Houston’s housing market performed reasonably well in 2023, despite declining sales every month throughout the year.
After disappointing sales expectations throughout the pandemic, the market seized on 2023 as a time for normalization when it quickly became clear that people needed housing just as much as they did before the global crisis. As we enter the final weeks of the year, housing inventory has significantly improved and prices are under control. Both of these factors have reached alarming extremes during the pandemic, with housing prices exceeding what many can afford, limiting housing options and leaving many prospective homebuyers unsure. Ta.
A major challenge for real estate in Houston and across the country right now is mortgage interest rates, which have recently risen to their highest levels in nearly 20 years. After starting 2023 at 6.48%, the average 30-year fixed-rate mortgage rose to a new 2023 high of 7.79% in the week ending Oct. 26, according to Freddie Mac. This is the highest level since November 2000.

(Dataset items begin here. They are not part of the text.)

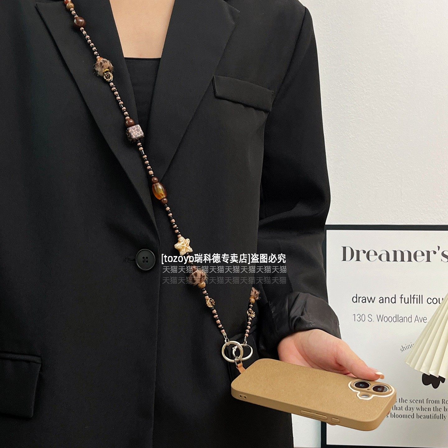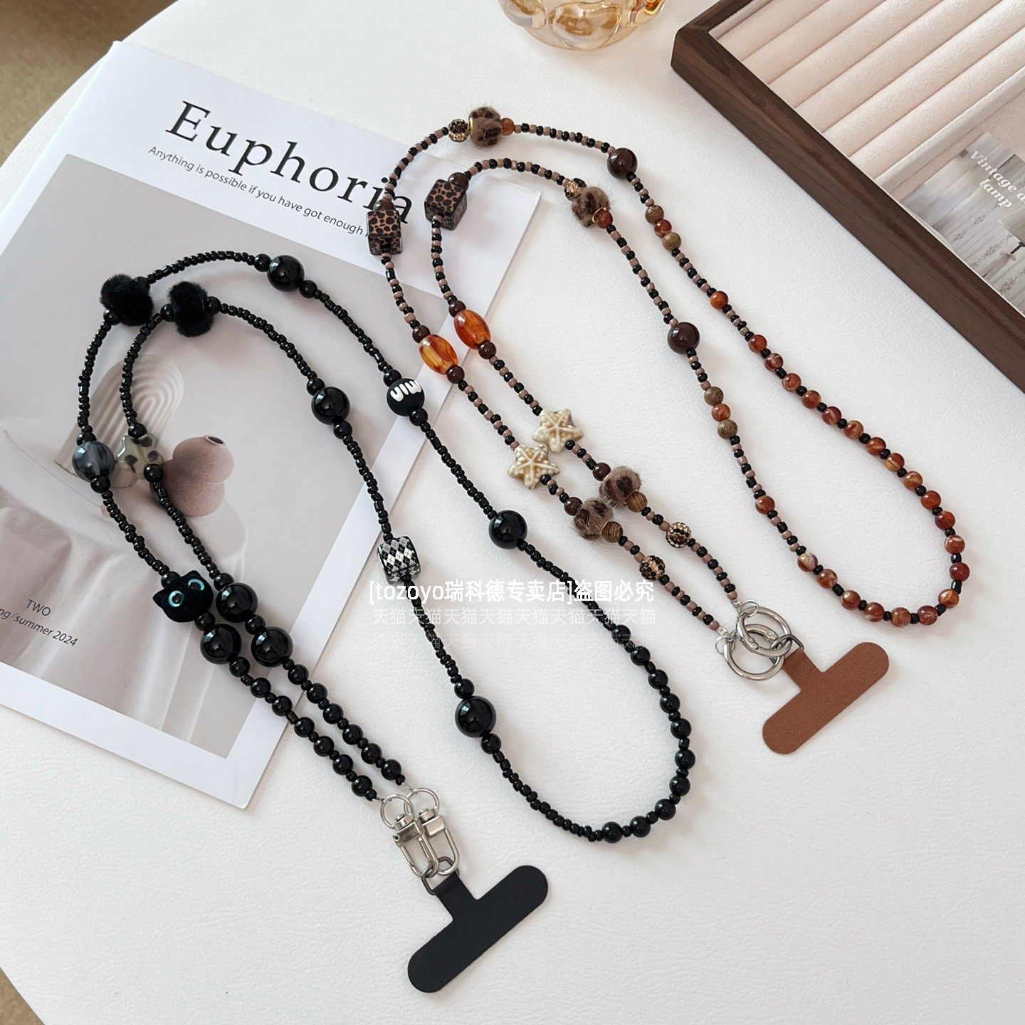 带毛球串珠手机链秋冬氛围感挂件斜挎可背手工串珠链条长款背带挂链包包相机挂绳挂饰猫咪时髦豹纹个性海星壳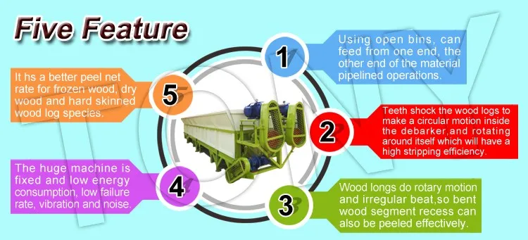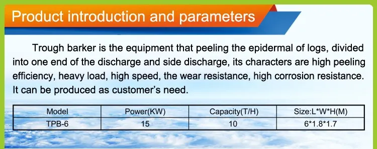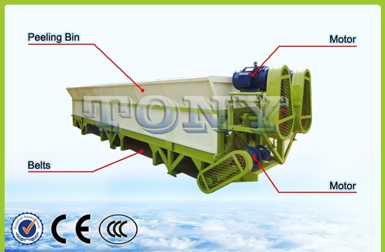Tony manufacture horizental wood debarker wood log peeling machine is suitable for a variety of wood peeling equipment. It is widely used in pulp mills, paper mills and wood chip manufacturers.The raw material peeling net rate is more than 95%. Reasonable structure, easy to operate, safe, reliable, high efficiency.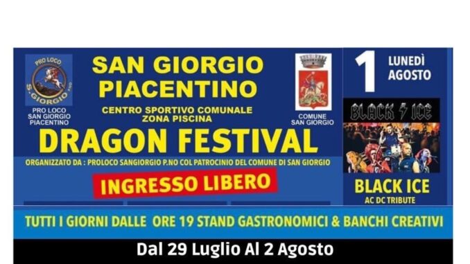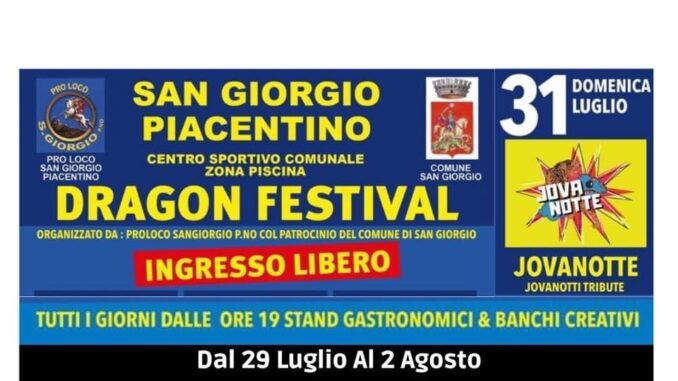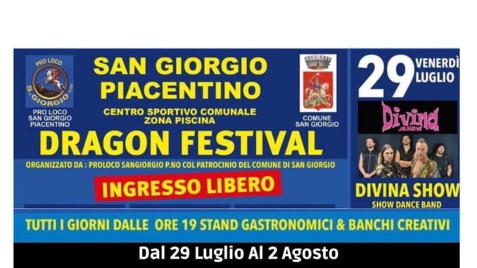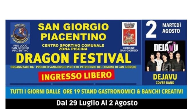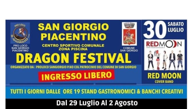 A San Giorgio Piacentino, Dragon Festival dal 29 luglio al 2 agosto. La Pro Loco locale con il patrocinio del Comune propongono la serie di serate con Stand gastronomici, banchi creativi, musica e all’insegna del grande divertimento.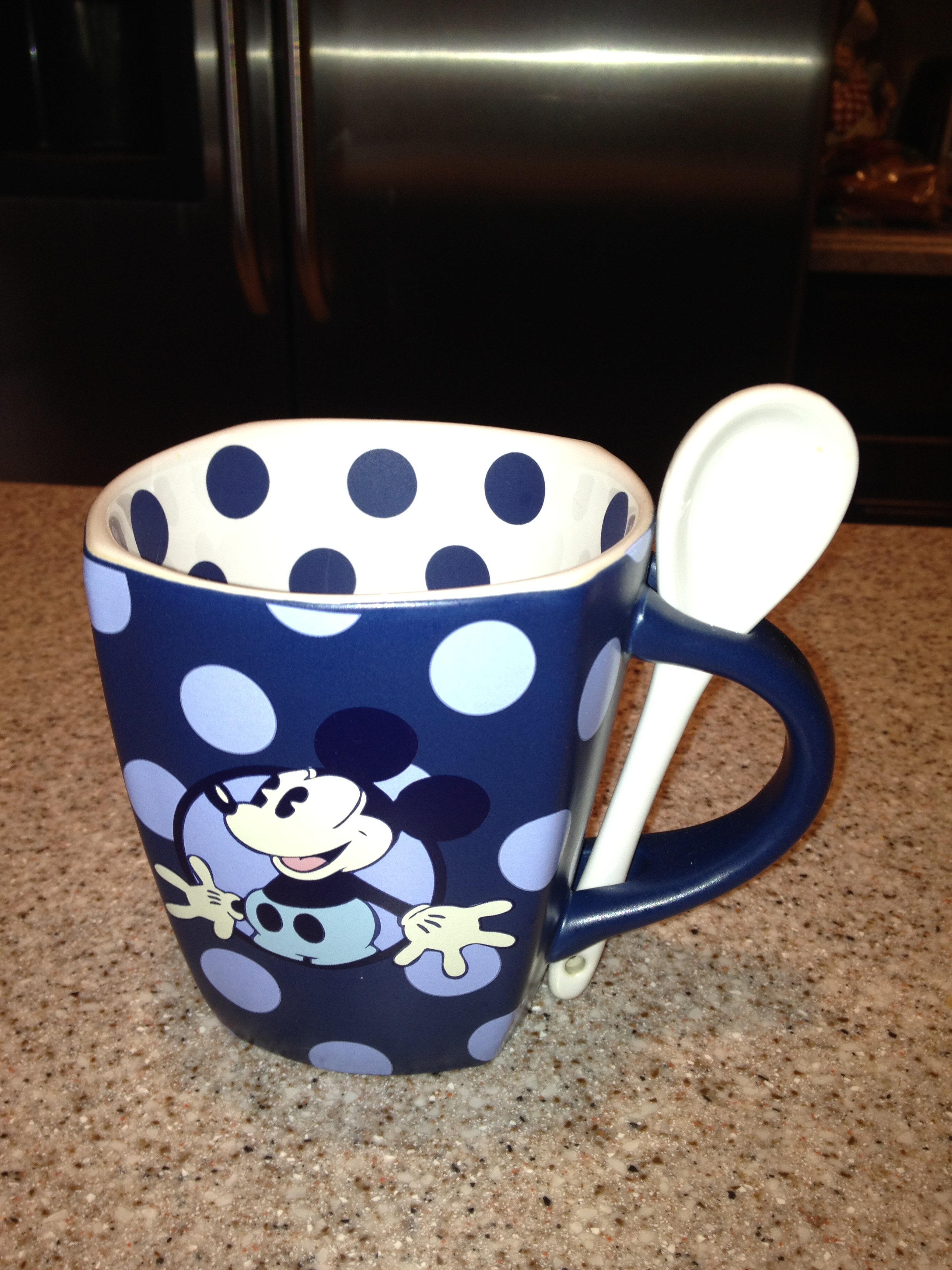 Today’s guest coffee is from John ( @DisneyWorlds ). John stated “As it gets colder, this is a great hot cocoa mug with its own spoon and holder. The attached spoon is perfect for when the chocolate starts to settle at the bottom and you can mix it right up again.”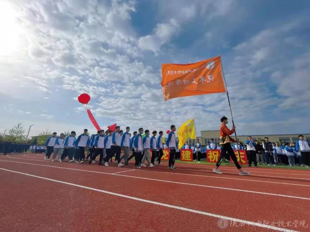 伴随着激情欢快的《运动员进行曲》,国旗方队、校旗方队、彩旗方队、裁判员方队、建党百年标志方队以及各二级学院方队依次入场,方队口号嘹亮、步伐整齐、精神抖擞,引来阵阵喝彩。

This upward trend is not only hindering home sales, but also driving prospective home buyers into the rental market, buying rental homes that offer the look and feel of homeownership until mortgage rates drop, and remortgaging them again. This increases the possibility of considering. buying a house. That’s when I tell reporters and customers who ask me what’s going to happen that, unfortunately, I don’t have a crystal ball, so I have no idea what’s going to happen with mortgage rates. That will depend on the Fed’s actions to take the steps it deems necessary to curb inflation.
One positive news in HAR’s latest October housing report was that home sales across Greater Houston were down just 3.4%, the lowest monthly decline this year. Second, the number of months of housing supply rose to 3.6 months, the highest level since November 2019. Second, pricing continued to ease, with the average price rising just 0.4% to $403,556, but the median price falling 0.9% to $327,000. These numbers are well below the all-time highs of $438,350 (average) in May 2022 and $354,000 (median) in June 2022.
Another bright spot in the Houston housing market in October was a 21.3% increase in sales of homes priced at $1 million or more, or considered upscale. That followed months of declining sales across all price points. Bright spots are always welcome. With that in mind, let’s return to the leasing market, which has seen solid consumer interest year-round.
Rental prices for single-family homes rose 4.3% in October compared to the same month last year, with the average rental price rising 2.2% to $2,231. The number of new listings for single-family rental properties increased by 9.8%, providing ample supply of housing to meet stable demand.
It’s worth noting that when HAR publishes monthly housing reports (most of which are published in Houston Agent Magazine), we cover a vast area that encroaches on the Houston metropolitan market. There is no specific mention of regions that are doing well or facing challenges. That’s why we emphasize that real estate is local. This means that despite the broad strokes of our report, each region has its own sales trends. That’s why we encourage all consumers to use the services of a real estate agent with expertise in the markets they serve when buying, selling, or renting a home.
We hope everyone has a great holiday season and that 2024 is an even better year for Houston housing.
Kathy Treviño will become the 2023 President of the Houston Association of Realtors.